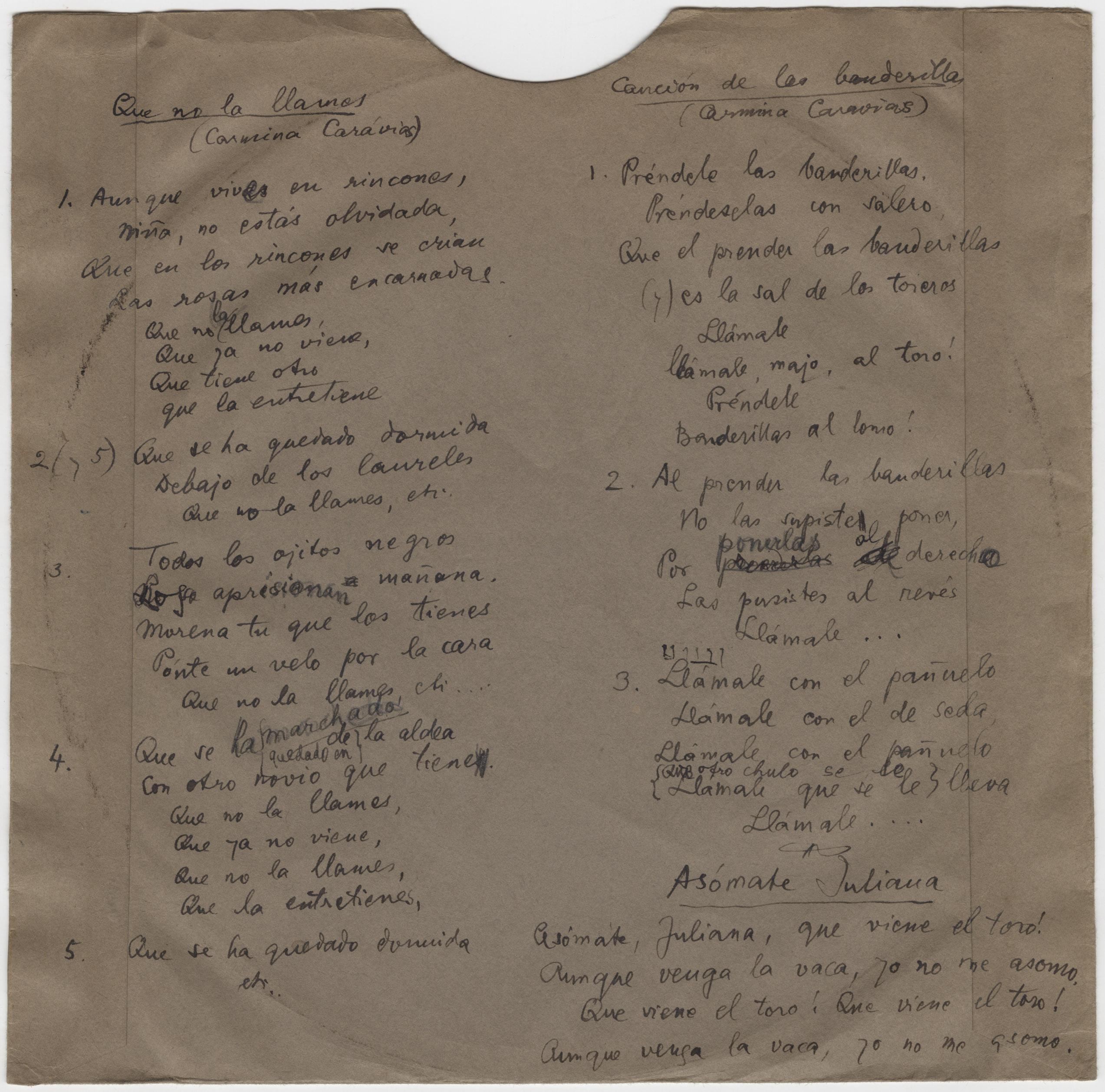Ref. Partitura transcripción Kurt Schindler (1941): A. «Que no la llames», registro número nº 37. B. «Las banderillas» y «Asómate Juliana», registros número nº 38 y nº 39
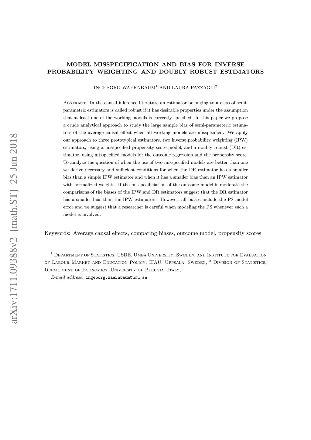 In the causal inference literature an estimator belonging to a class of semi-parametric estimators is called robust if it has desirable properties under the assumption that at least one of the working models is correctly specified. In this paper we propose a crude analytical approach to study the large sample bias of semi-parameteric estimators of the average causal effect when all working models are misspecified. We apply our approach to three prototypical estimators, two inverse probability weighting (IPW) estimators, using a misspecified propensity score model, and a doubly robust (DR) estimator, using misspecified models for the outcome regression and the propensity score. To analyze the question of when the use of two misspecified models are better than one we derive necessary and sufficient conditions for when the DR estimator has a smaller bias than a simple IPW estimator and when it has a smaller bias than an IPW estimator with normalized weights. If the misspecificiation of the outcome model is moderate the comparisons of the biases of the IPW and DR estimators suggest that the DR estimator has a smaller bias than the IPW estimators. However, all biases include the PS-model error and we suggest that a researcher is careful when modeling the PS whenever such a model is involved.
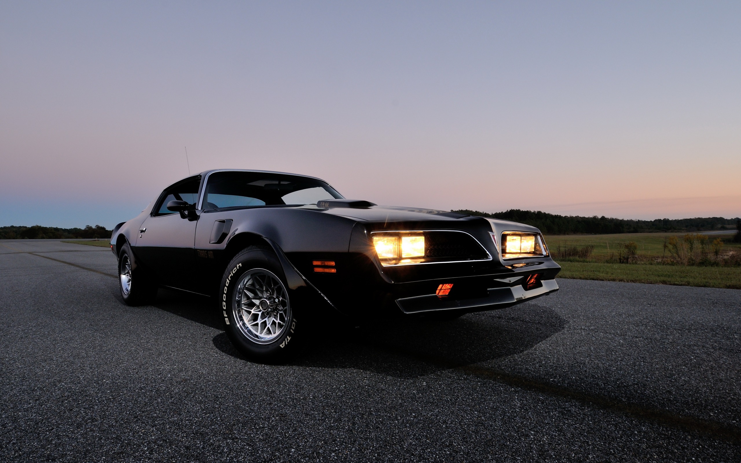 Description: A black car parked on the side of the road at dusk with the headlights on and the hood up.
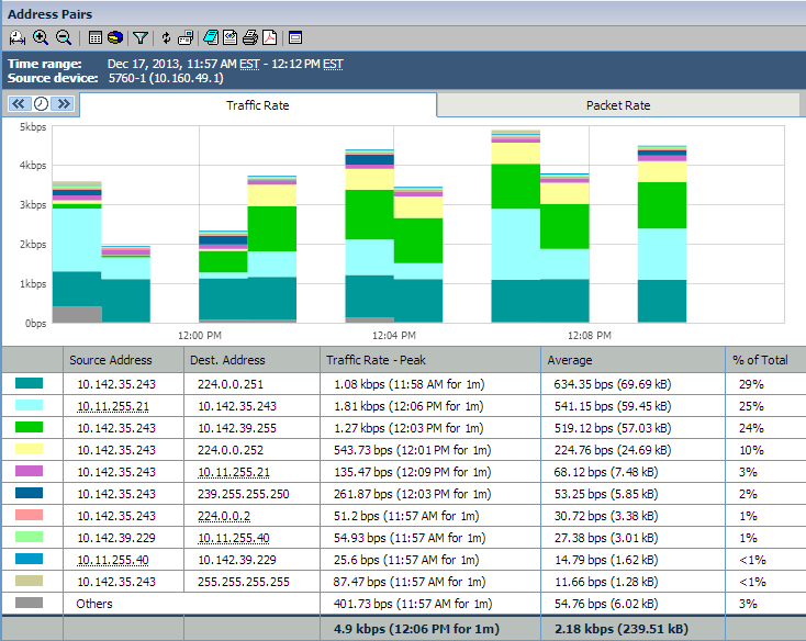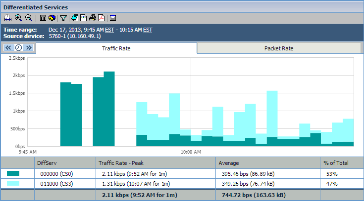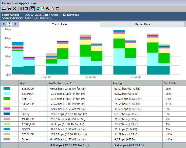 5760-1#show avc wlan LTUWireless top 10 application upstream Cumulative Stats: No. AppName Packet-Count Byte-Count AvgPkt-Size usage% ------------------------------------------------------------------------------------------------------ 1 cisco-phone 41554 8310800 200 86 2 unknown 6191 597761 96 6 3 netbios-ns 1883 147738 78 2 4 dns 1321 84277 63 1 5 http 1313 105422 80 1 6 ssl 1135 209462 184 2 7 exchange 615 150475 244 2 8 skinny 508 31837 62 0 9 rtcp 170 19480 114 0 10 icmp 108 24752 229 0 Last Interval(90 seconds) Stats: No. AppName Packet-Count Byte-Count AvgPkt-Size usage% ------------------------------------------------------------------------------------------------------ 1 cisco-phone 4179 835800 200 99 2 unknown 88 9164 104 1 3 rtcp 17 1972 116 0 4 skinny 5 296 59 0 5760-1#show avc wlan LTUWireless top 10 application downstream Cumulative Stats: No. AppName Packet-Count Byte-Count AvgPkt-Size usage% ------------------------------------------------------------------------------------------------------ 1 cisco-phone 46427 9285400 200 68 2 http 2392 3242288 1355 23 3 ssl 1327 1077406 811 8 4 unknown 602 205696 341 1 5 exchange 584 50010 85 0 6 skinny 342 29308 85 0 7 dns 195 37018 189 0 8 ping 63 3746 59 0 9 twitter 41 9206 224 0 10 ms-sms 40 27476 686 0 Last Interval(90 seconds) Stats: No. AppName Packet-Count Byte-Count AvgPkt-Size usage% ------------------------------------------------------------------------------------------------------ 1 cisco-phone 4178 835600 200 100 2 skinny 3 180 60 0 5760-1#show avc client 2c54.2dea.f4ea top 10 application aggregate Cumulative Stats: No. AppName Packet-Count Byte-Count AvgPkt-Size usage% ------------------------------------------------------------------------------------------------------ 1 cisco-phone 47544 9508800 200 100 2 skinny 157 13104 83 0 3 icmp 107 24396 228 0 4 rtcp 85 9860 116 0 5 unknown 19 1052 55 0 6 dhcp 9 3448 383 0 7 ping 1 48 48 0 Last Interval(90 seconds) Stats: No. AppName Packet-Count Byte-Count AvgPkt-Size usage% ------------------------------------------------------------------------------------------------------ 1 cisco-phone 9000 1800000 200 100 2 rtcp 17 1972 116 0 3 skinny 13 772 59 0

=-=-=

> **Problem to solve**
The answer must be the full listing, word for word, with no images in it.

> **Answer box**
Ref. Partitura transcripción Kurt Schindler (1941): A. «Que no la llames», registro número nº 37. B. «Las banderillas» y «Asómate Juliana», registros número nº 38 y nº 39
 In the causal inference literature an estimator belonging to a class of semi-parametric estimators is called robust if it has desirable properties under the assumption that at least one of the working models is correctly specified. In this paper we propose a crude analytical approach to study the large sample bias of semi-parameteric estimators of the average causal effect when all working models are misspecified. We apply our approach to three prototypical estimators, two inverse probability weighting (IPW) estimators, using a misspecified propensity score model, and a doubly robust (DR) estimator, using misspecified models for the outcome regression and the propensity score. To analyze the question of when the use of two misspecified models are better than one we derive necessary and sufficient conditions for when the DR estimator has a smaller bias than a simple IPW estimator and when it has a smaller bias than an IPW estimator with normalized weights. If the misspecificiation of the outcome model is moderate the comparisons of the biases of the IPW and DR estimators suggest that the DR estimator has a smaller bias than the IPW estimators. However, all biases include the PS-model error and we suggest that a researcher is careful when modeling the PS whenever such a model is involved.
 Description: A black car parked on the side of the road at dusk with the headlights on and the hood up.
 5760-1#show avc wlan LTUWireless top 10 application upstream Cumulative Stats: No. AppName Packet-Count Byte-Count AvgPkt-Size usage% ------------------------------------------------------------------------------------------------------ 1 cisco-phone 41554 8310800 200 86 2 unknown 6191 597761 96 6 3 netbios-ns 1883 147738 78 2 4 dns 1321 84277 63 1 5 http 1313 105422 80 1 6 ssl 1135 209462 184 2 7 exchange 615 150475 244 2 8 skinny 508 31837 62 0 9 rtcp 170 19480 114 0 10 icmp 108 24752 229 0 Last Interval(90 seconds) Stats: No. AppName Packet-Count Byte-Count AvgPkt-Size usage% ------------------------------------------------------------------------------------------------------ 1 cisco-phone 4179 835800 200 99 2 unknown 88 9164 104 1 3 rtcp 17 1972 116 0 4 skinny 5 296 59 0 5760-1#show avc wlan LTUWireless top 10 application downstream Cumulative Stats: No. AppName Packet-Count Byte-Count AvgPkt-Size usage% ------------------------------------------------------------------------------------------------------ 1 cisco-phone 46427 9285400 200 68 2 http 2392 3242288 1355 23 3 ssl 1327 1077406 811 8 4 unknown 602 205696 341 1 5 exchange 584 50010 85 0 6 skinny 342 29308 85 0 7 dns 195 37018 189 0 8 ping 63 3746 59 0 9 twitter 41 9206 224 0 10 ms-sms 40 27476 686 0 Last Interval(90 seconds) Stats: No. AppName Packet-Count Byte-Count AvgPkt-Size usage% ------------------------------------------------------------------------------------------------------ 1 cisco-phone 4178 835600 200 100 2 skinny 3 180 60 0 5760-1#show avc client 2c54.2dea.f4ea top 10 application aggregate Cumulative Stats: No. AppName Packet-Count Byte-Count AvgPkt-Size usage% ------------------------------------------------------------------------------------------------------ 1 cisco-phone 47544 9508800 200 100 2 skinny 157 13104 83 0 3 icmp 107 24396 228 0 4 rtcp 85 9860 116 0 5 unknown 19 1052 55 0 6 dhcp 9 3448 383 0 7 ping 1 48 48 0 Last Interval(90 seconds) Stats: No. AppName Packet-Count Byte-Count AvgPkt-Size usage% ------------------------------------------------------------------------------------------------------ 1 cisco-phone 9000 1800000 200 100 2 rtcp 17 1972 116 0 3 skinny 13 772 59 0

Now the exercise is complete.